What is expected: Reproduce the data below exactly. Skip the pictures.

Source data:
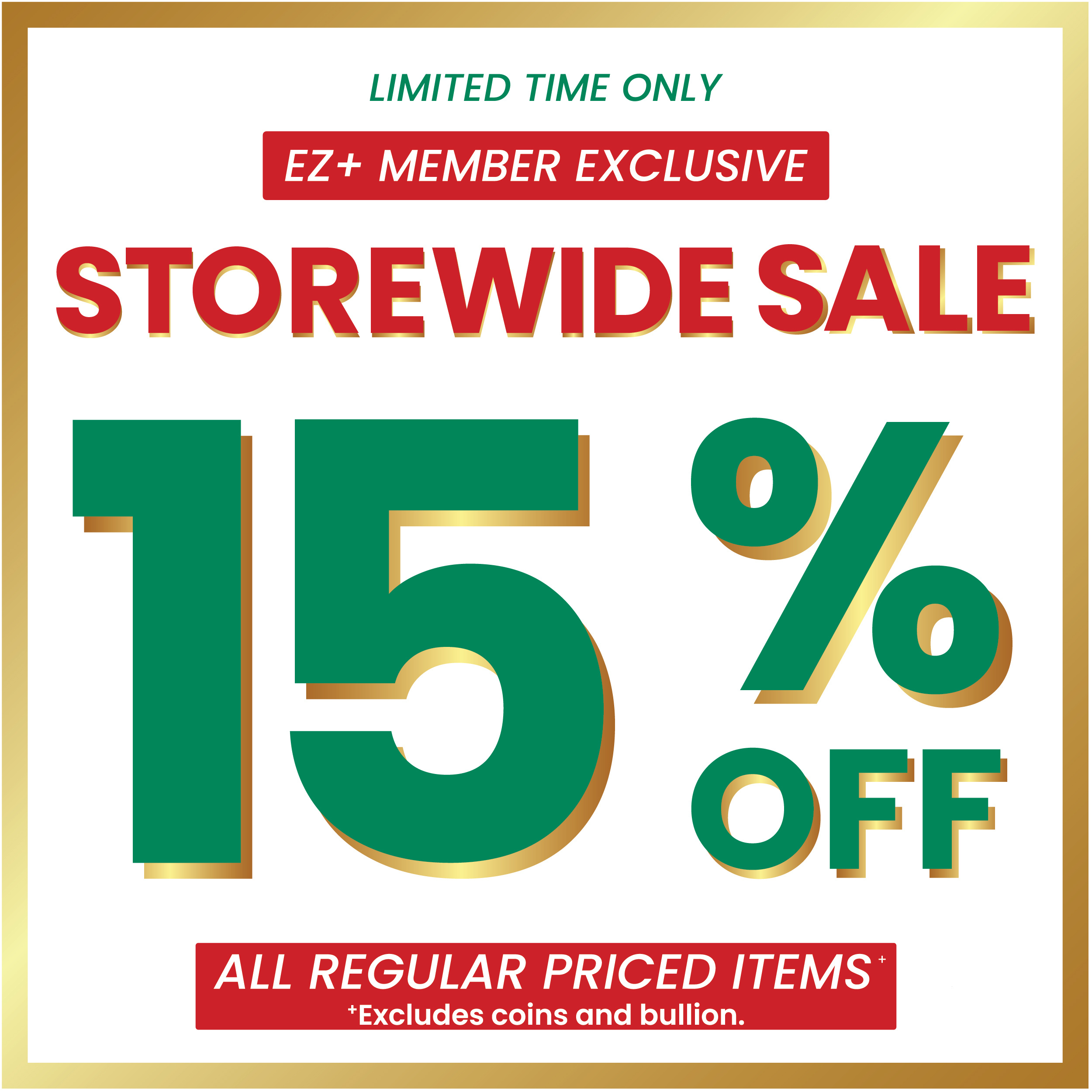 *Offer valid beginning 12/12/25 for EZ+ Members only. Cannot be combined with any other discount (tagged, promotional, or otherwise negotiated). Discount cannot be applied to coins and bullion. Discount can be cancelled, suspended, or extended at any time. Purchases made with a tax exempt ID number are ineligible for discount.
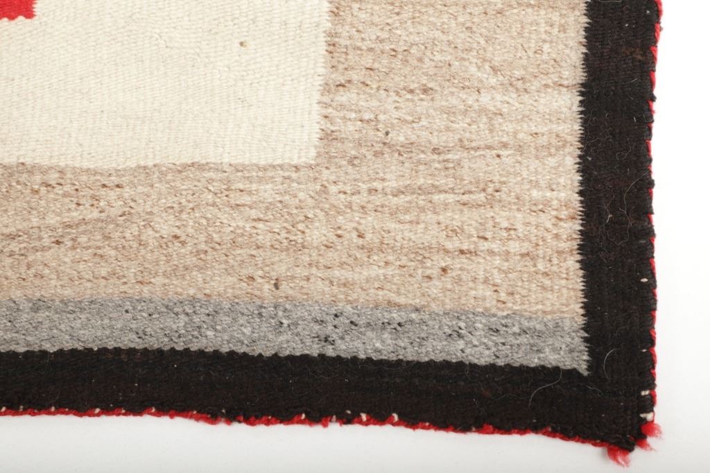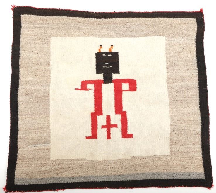 Featured in this lot is this Navajo Yei Be Chei figural polychrome rug circa 1940's. The rug features a wonderfully and professionally crafted wool construction that features a heathered grey and black border with a off white field and shows a Yei Be Chei figural woven into the center of the field that shows colors such as medium red, black, and orange coloration with a red cross between its legs. The Yeibichai weavings are highly individual, therefore, different elements may be found in them. Male Yeis have round heads and Female Yeis have square heads. Other elements included may be: gourds, ruffs of spruce around the neck, fox pelts, moccasins, woven garters or sashes, arrows, corn, clouds, stars, and more. The thread count is 96 threads per square inch. The condition of this Navajo Yei Be Chei rug is good with the tassels on each of the corners missing but otherwise it shows good overall condition. The measurements of this rug 31" x 34". Provenance: From the renowned Sundog Fine Art Bozeman, Montana collection and collected by Bruce VanLandingham. Bruce VanLandingham was a pillar in the American Indian collecting community and a respected expert. Along with being an avid collector, Bruce also was the sole owner of Sundog Fine Art Gallery in Bozeman, which was both part museum and gallery.
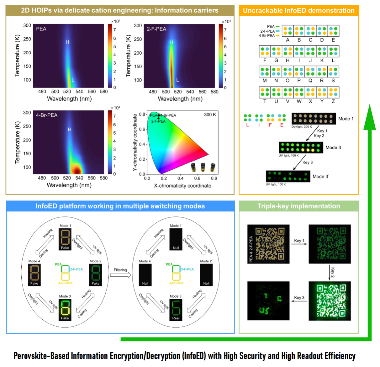 这项成果所展示的基于钙钛矿材料刺激响应发光性质的、采用三重“钥匙”运作于多模态下的信息加密/解密新策略和新方案,不仅具有高的信息安全性,而且具有高的信息提取效率,为信息安全领域的光学加密相关研发提供了新的可能性。
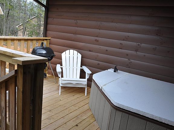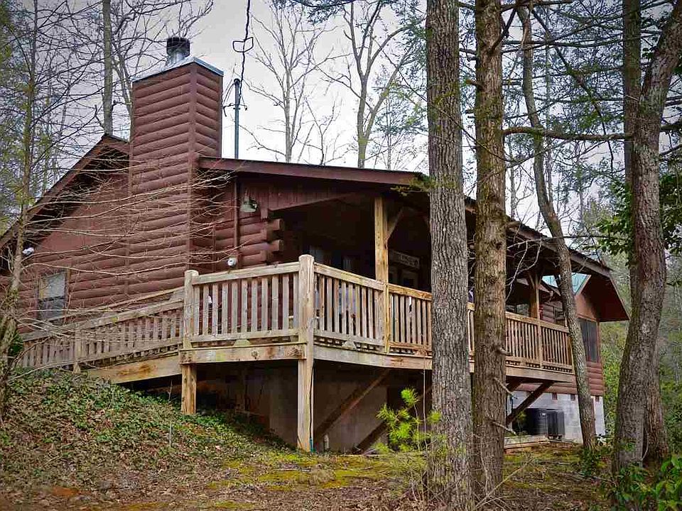 Cozy log cabin on secluded 1.34 +/- acres near Hwy 321 & Rocky Top Sports Complex. Currently being used as permanent home but would make an excellent rental! Mountain view! Mature trees! Secluded! Hot tub, outside storage building. Rocking chair covered front porch! Gourmet kitchen with LOTS of cabinets! Beautiful quartz counter tops. Large island in kitchen. Lots of natural light in master bedroom makes you feel like you are sleeping among the trees! Tile walk in shower in master! Split bedroom plan. This is a rare find so close to town with seclusion an usable walk-able land! Come take a look today!!
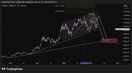 具体而言,他揭示了比特币未来三个月的潜在走势,预计年底前将反弹至至少11.5万-11.6万美元。该加密货币专家补充称,若BTC能突破该价位,则可能进一步冲击13.5万至14万美元,这将标志着这一旗舰加密货币创下历史新高(ATHs)。
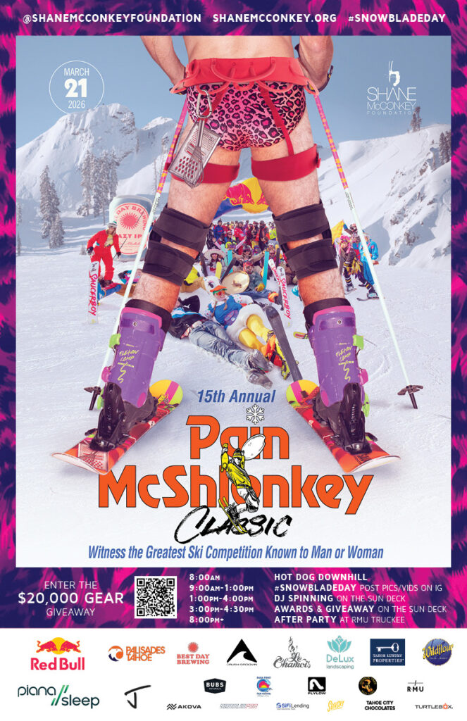 This epic day of camaraderie and general radness, is our annual celebration of Shane. We gather together to shred in his honor. Dressing in our most outrageous ski duds, and with snowblades waxed, we raise money for amazing causes. In 2026, we donated $10,000 to the Tahoe Nordic Search & Rescue who trek out in the most dangerous conditions to save lives, they are true heroes. And over $1M since our inception to over 50 nonprofits including the Humane Society of Truckee-Tahoe, Protect Our Winters, Gateway Mountain Center, Scotty Lapp Foundation, the Latinx scholarship program at Tahoe Truckee Community Foundation, and to support our EcoChallenge.
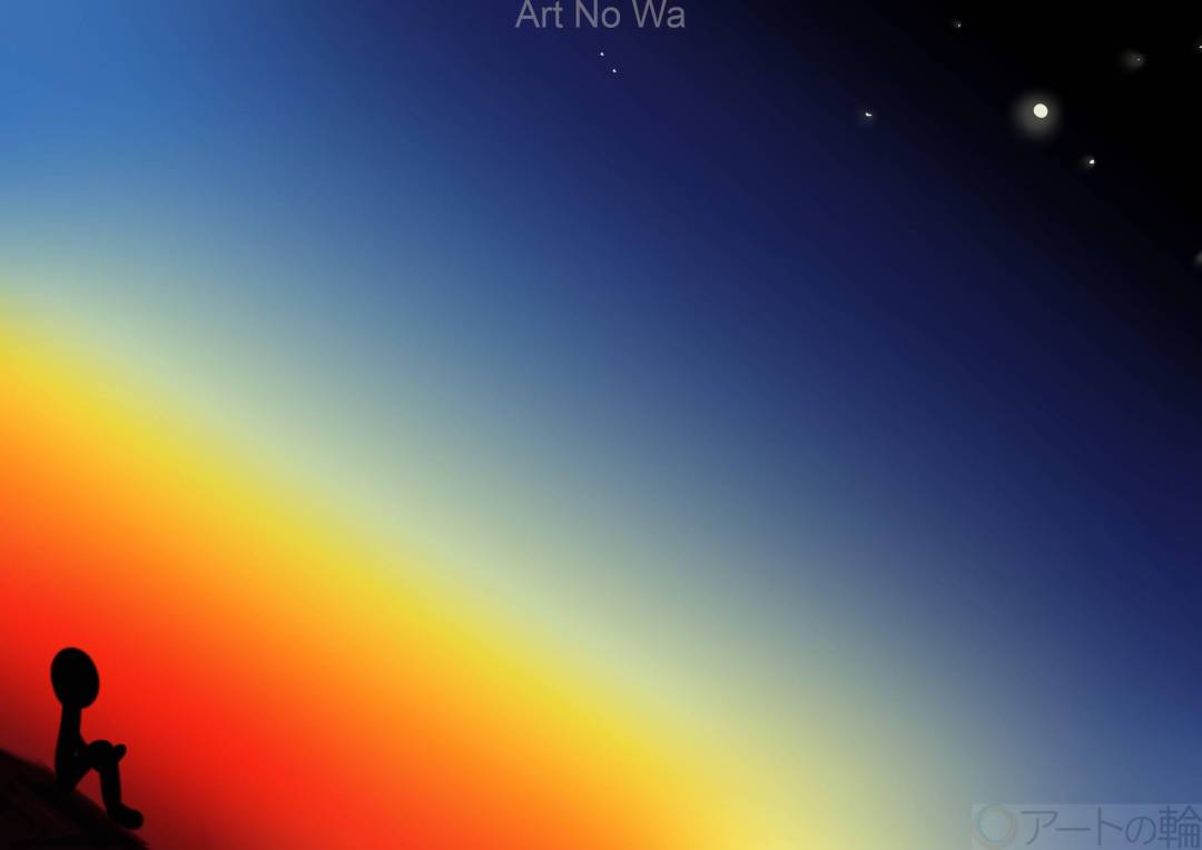夕方から夜に移りゆく空のブルーアワーという現象があるそうです。その美しさを共感して頂きたく描きました。
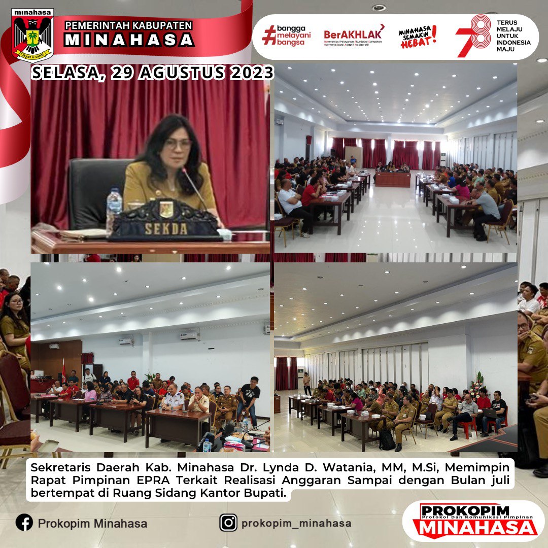 MINAHASA, SULUTPOST – Sekretaris Daerah Kabupaten Minahasa Dr. Lynda D. Watania, MM, M.Si, memimpin Rapat Pimpinan EPRA Terkait Realisasi Anggaran Sampai dengan Bulan juli bertempat di Ruang Sidang Kantor Bupati Selasa, 29/08/2023.
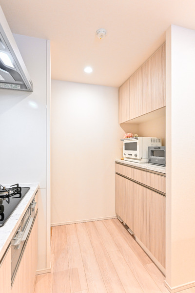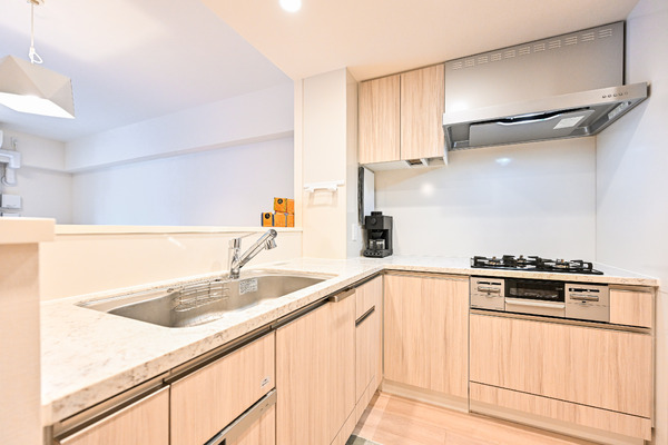■作業スペースを広く確保できるL字型キッチンにはディスポーザーや食洗器、造り付食器棚が備わっております。
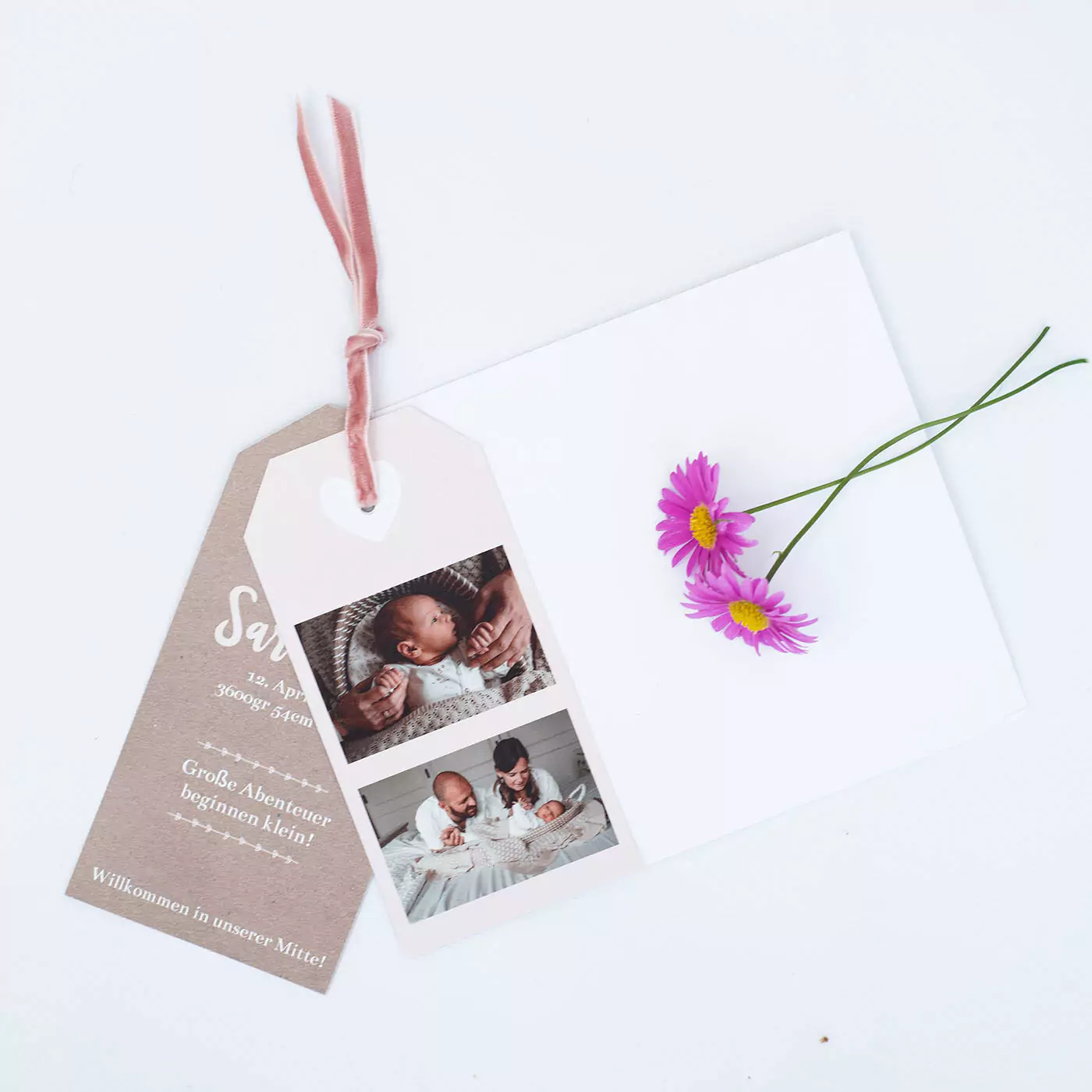 Die Geburt des eigenen Kindes ist einer der schönsten Momente im Leben vieler Menschen. Um diesen Anlass gebührend zu feiern und diese wunderschöne Nachricht zu verkünden, eignen sich auch personalisierte Labelkarten perfekt, denn mit einer liebevoll gestalteten Botschaft drückt ihr nicht nur die Zuneigung zu eurem Baby aus, sondern auch die Wertschätzung gegenüber dem Empfänger.Durch den Zuschnitt der Karten können 1-3mm Breitenunterschied (links/rechts und oben/unten) am Rahmen auftreten. Tipp: Gestalte den Rand so groß wie möglich, damit dieser mögliche Unterschied nicht auffällt.

Reply to the exercise:
 *Offer valid beginning 12/12/25 for EZ+ Members only. Cannot be combined with any other discount (tagged, promotional, or otherwise negotiated). Discount cannot be applied to coins and bullion. Discount can be cancelled, suspended, or extended at any time. Purchases made with a tax exempt ID number are ineligible for discount.
 Featured in this lot is this Navajo Yei Be Chei figural polychrome rug circa 1940's. The rug features a wonderfully and professionally crafted wool construction that features a heathered grey and black border with a off white field and shows a Yei Be Chei figural woven into the center of the field that shows colors such as medium red, black, and orange coloration with a red cross between its legs. The Yeibichai weavings are highly individual, therefore, different elements may be found in them. Male Yeis have round heads and Female Yeis have square heads. Other elements included may be: gourds, ruffs of spruce around the neck, fox pelts, moccasins, woven garters or sashes, arrows, corn, clouds, stars, and more. The thread count is 96 threads per square inch. The condition of this Navajo Yei Be Chei rug is good with the tassels on each of the corners missing but otherwise it shows good overall condition. The measurements of this rug 31" x 34". Provenance: From the renowned Sundog Fine Art Bozeman, Montana collection and collected by Bruce VanLandingham. Bruce VanLandingham was a pillar in the American Indian collecting community and a respected expert. Along with being an avid collector, Bruce also was the sole owner of Sundog Fine Art Gallery in Bozeman, which was both part museum and gallery.
 这项成果所展示的基于钙钛矿材料刺激响应发光性质的、采用三重“钥匙”运作于多模态下的信息加密/解密新策略和新方案,不仅具有高的信息安全性,而且具有高的信息提取效率,为信息安全领域的光学加密相关研发提供了新的可能性。
 Cozy log cabin on secluded 1.34 +/- acres near Hwy 321 & Rocky Top Sports Complex. Currently being used as permanent home but would make an excellent rental! Mountain view! Mature trees! Secluded! Hot tub, outside storage building. Rocking chair covered front porch! Gourmet kitchen with LOTS of cabinets! Beautiful quartz counter tops. Large island in kitchen. Lots of natural light in master bedroom makes you feel like you are sleeping among the trees! Tile walk in shower in master! Split bedroom plan. This is a rare find so close to town with seclusion an usable walk-able land! Come take a look today!!
 具体而言,他揭示了比特币未来三个月的潜在走势,预计年底前将反弹至至少11.5万-11.6万美元。该加密货币专家补充称,若BTC能突破该价位,则可能进一步冲击13.5万至14万美元,这将标志着这一旗舰加密货币创下历史新高(ATHs)。
 This epic day of camaraderie and general radness, is our annual celebration of Shane. We gather together to shred in his honor. Dressing in our most outrageous ski duds, and with snowblades waxed, we raise money for amazing causes. In 2026, we donated $10,000 to the Tahoe Nordic Search & Rescue who trek out in the most dangerous conditions to save lives, they are true heroes. And over $1M since our inception to over 50 nonprofits including the Humane Society of Truckee-Tahoe, Protect Our Winters, Gateway Mountain Center, Scotty Lapp Foundation, the Latinx scholarship program at Tahoe Truckee Community Foundation, and to support our EcoChallenge.
夕方から夜に移りゆく空のブルーアワーという現象があるそうです。その美しさを共感して頂きたく描きました。
 MINAHASA, SULUTPOST – Sekretaris Daerah Kabupaten Minahasa Dr. Lynda D. Watania, MM, M.Si, memimpin Rapat Pimpinan EPRA Terkait Realisasi Anggaran Sampai dengan Bulan juli bertempat di Ruang Sidang Kantor Bupati Selasa, 29/08/2023.
■作業スペースを広く確保できるL字型キッチンにはディスポーザーや食洗器、造り付食器棚が備わっております。
 Die Geburt des eigenen Kindes ist einer der schönsten Momente im Leben vieler Menschen. Um diesen Anlass gebührend zu feiern und diese wunderschöne Nachricht zu verkünden, eignen sich auch personalisierte Labelkarten perfekt, denn mit einer liebevoll gestalteten Botschaft drückt ihr nicht nur die Zuneigung zu eurem Baby aus, sondern auch die Wertschätzung gegenüber dem Empfänger.Durch den Zuschnitt der Karten können 1-3mm Breitenunterschied (links/rechts und oben/unten) am Rahmen auftreten. Tipp: Gestalte den Rand so groß wie möglich, damit dieser mögliche Unterschied nicht auffällt.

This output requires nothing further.